Remember that you need to add main site's host mapping every time a subsite is added or modified because the operation overwrites your manual modification to the file and subsite module does not add main site's hot mapping automatically at the moment.

Another note for host-map.php file. This file doesn't not exist until you have created at least one subsite.

Multiple Server Caching

In this setup, you have one server that is your dynamic CMS server, and one or more separate servers that are responsible for serving static content. The publication system on the CMS will rsync changes to the static content servers as needed. No PHP files will be synced to the static content servers unless explicitly requested. All static assets (images, javascript, etc.) will be rsynced from their original locations. You can then put a load-balancer on the front of the static content servers.

This approach is very secure, because you can lock the CMS right down (for example, by IP) and hide all the PHP code away from potential hackers. It is also good for high-traffic situations.

Setup

Add the RsyncMultiHostPublisher extension to your SiteTree objects in mysite/_config.php.

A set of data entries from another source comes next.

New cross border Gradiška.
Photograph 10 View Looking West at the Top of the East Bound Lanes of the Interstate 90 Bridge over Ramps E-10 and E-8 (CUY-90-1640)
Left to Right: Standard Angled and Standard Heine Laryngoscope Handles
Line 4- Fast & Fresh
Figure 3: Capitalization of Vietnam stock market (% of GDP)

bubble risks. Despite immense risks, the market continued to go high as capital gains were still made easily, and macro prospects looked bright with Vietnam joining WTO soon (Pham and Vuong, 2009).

This will create static content in a "cache/" subdirectory, with an HTML suffix.

Object::add_extension("SiteTree", "RsyncMultiHostPublisher('cache/', 'html')");
RsyncMultiHostPublisher::set_targets(array(
    '<rsyncuser>@<static-server1>:<webroot>',
    '<rsyncuser>@<static-server2>:<webroot>',
));

Where <rsyncuser> is a unix account with write permissions to <webroot> (e.g. /var/www), and <static-server1> and <static-server2> are the names of your static content servers. The number of servers is flexible and depends on your infrastructure and scalability needs.

  • Ensure that the rsync unix tool is installed on the CMS server, and ssh access is enabled on the static content servers.

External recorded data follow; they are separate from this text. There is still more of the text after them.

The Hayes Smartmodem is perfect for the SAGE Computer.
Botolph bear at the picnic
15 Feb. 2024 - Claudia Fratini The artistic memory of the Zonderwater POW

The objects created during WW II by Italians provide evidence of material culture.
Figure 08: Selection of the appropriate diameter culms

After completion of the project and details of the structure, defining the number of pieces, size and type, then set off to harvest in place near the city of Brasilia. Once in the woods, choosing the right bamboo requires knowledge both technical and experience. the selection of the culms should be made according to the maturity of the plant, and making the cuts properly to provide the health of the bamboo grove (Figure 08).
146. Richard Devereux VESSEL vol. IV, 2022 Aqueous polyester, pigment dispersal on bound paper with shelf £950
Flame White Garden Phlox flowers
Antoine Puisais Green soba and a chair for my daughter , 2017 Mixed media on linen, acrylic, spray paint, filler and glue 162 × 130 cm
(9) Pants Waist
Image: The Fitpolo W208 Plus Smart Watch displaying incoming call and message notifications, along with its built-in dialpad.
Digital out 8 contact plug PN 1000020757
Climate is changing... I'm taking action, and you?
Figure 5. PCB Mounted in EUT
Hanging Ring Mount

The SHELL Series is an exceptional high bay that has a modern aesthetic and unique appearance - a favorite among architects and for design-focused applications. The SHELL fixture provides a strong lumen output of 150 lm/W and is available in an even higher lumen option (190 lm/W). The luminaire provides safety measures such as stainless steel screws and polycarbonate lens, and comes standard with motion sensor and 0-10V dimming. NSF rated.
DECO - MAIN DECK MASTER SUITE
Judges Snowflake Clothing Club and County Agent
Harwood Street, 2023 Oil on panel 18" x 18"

  • No password can be specified for the SSH connection . The class assumes a key-based authentication without requiring a password for the username specified in <rsyncuser> (see http://www.csua.berkeley.edu/~ranga/notes/ssh_nopass.html tutorial).

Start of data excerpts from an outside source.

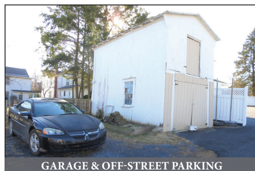
GARAGE & OFF-STREET PARKING

Located at 34 N. 9th St. Akron Pa. 17501
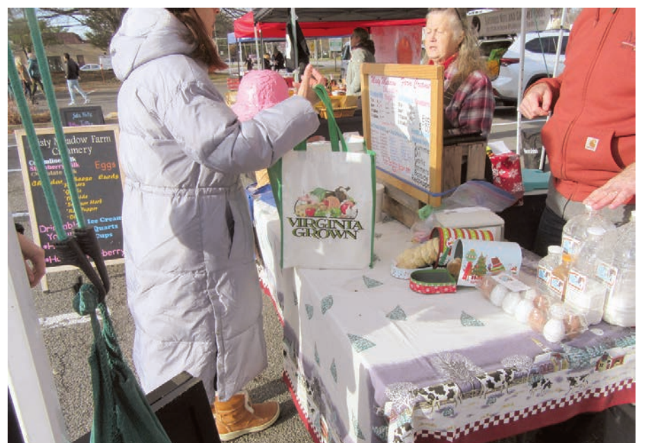
Shopper's bag touts Virginia products at Misty Meadow Farm Creamery at the Mount Vernon Farmers Market, December 13, 2023.
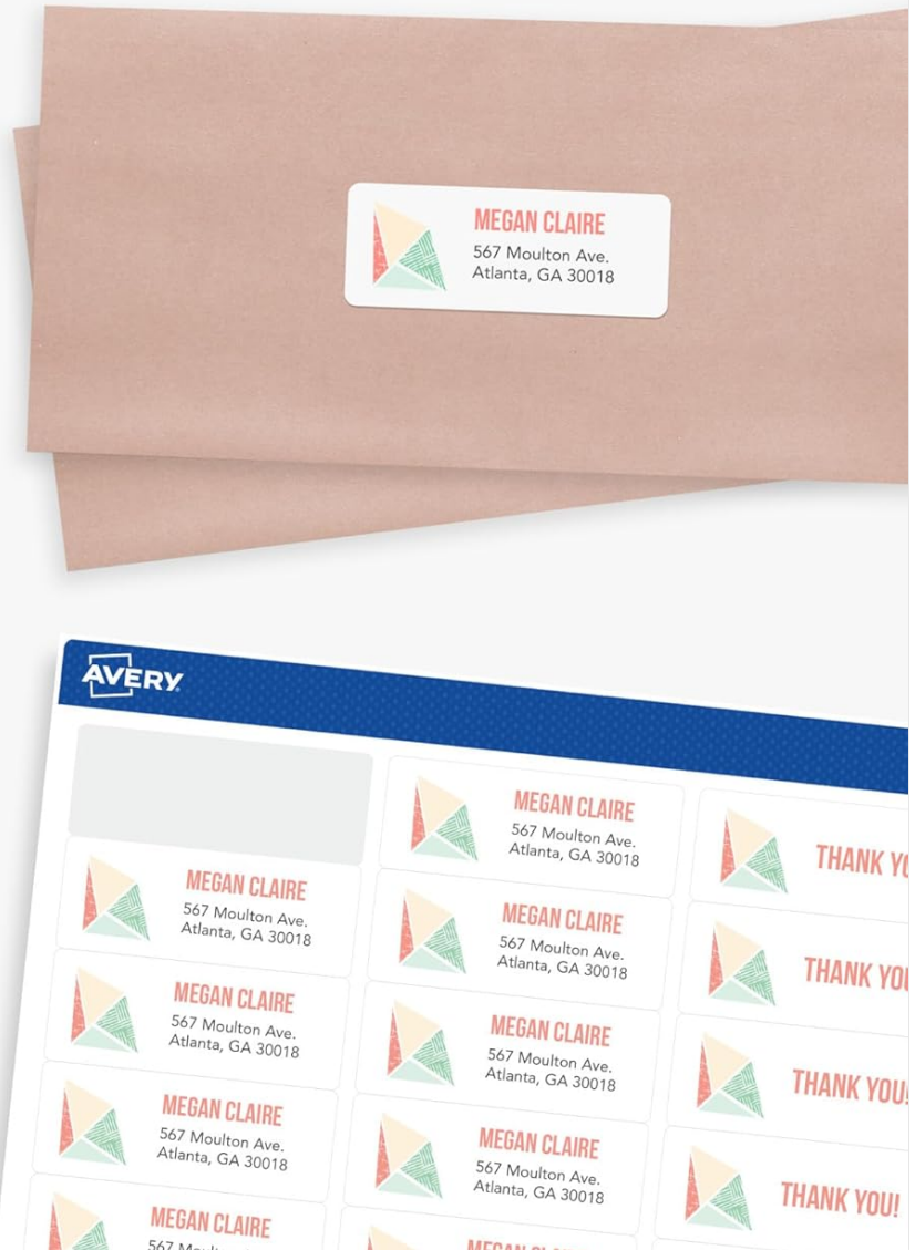
Figure 2: Key Features of Avery Labels.

  • Put the .htaccess file linked below into the webroot of each static content server (and rename it to .htaccess). It will serve requests from the cache, statically, if the cache file exists. Replace sitedir with the a subdirectory that you would like to serve the site from (for example, in your dev environment).

View .htaccess example

Cache Control

There is also the option to wrap some PHP logic around the static HTML content served by the content servers, which can greatly reduce the bandwidth required on your content servers. This code takes care of cache control through HTTP headers (''Cache-control'', If-modified-since), meaning the files will only be delivered if they changed since the browser client last requested them. The last modification date for each static file is controlled by the publication script, meaning the cache gets invalidated on each publication.

To enable cache control, specify "php" instead of "html" in the RsyncMultiHostPublisher definition.

Object::add_extension("SiteTree", "RsyncMultiHostPublisher('cache/', 'php')");

And use this slightly different .htaccess file. Make sure that index.php can be used as a directory index!

View .htaccess example

Deployment

Once you've set up your rewrite rules and defined which pages need caching, you can build the static HTML files. This is done by the RebuildStaticCacheTask

Execution via URL

http://www.example.com/dev/buildcache?flush=1

Execution on CLI (via sake)

sake dev/buildcache flush=1

Depending on which extension you've set up for your SiteTree (FilesystemPublisher or RsyncMultiHostPublisher), the method publishPages() either stores the generated HTML-files on the server's filesystem, or deploys them to other servers via rsync.

It is adviseable to set dev/buildcache up as an automated task (e.g. unix cron) which continually rebuilds and redeploys the cache.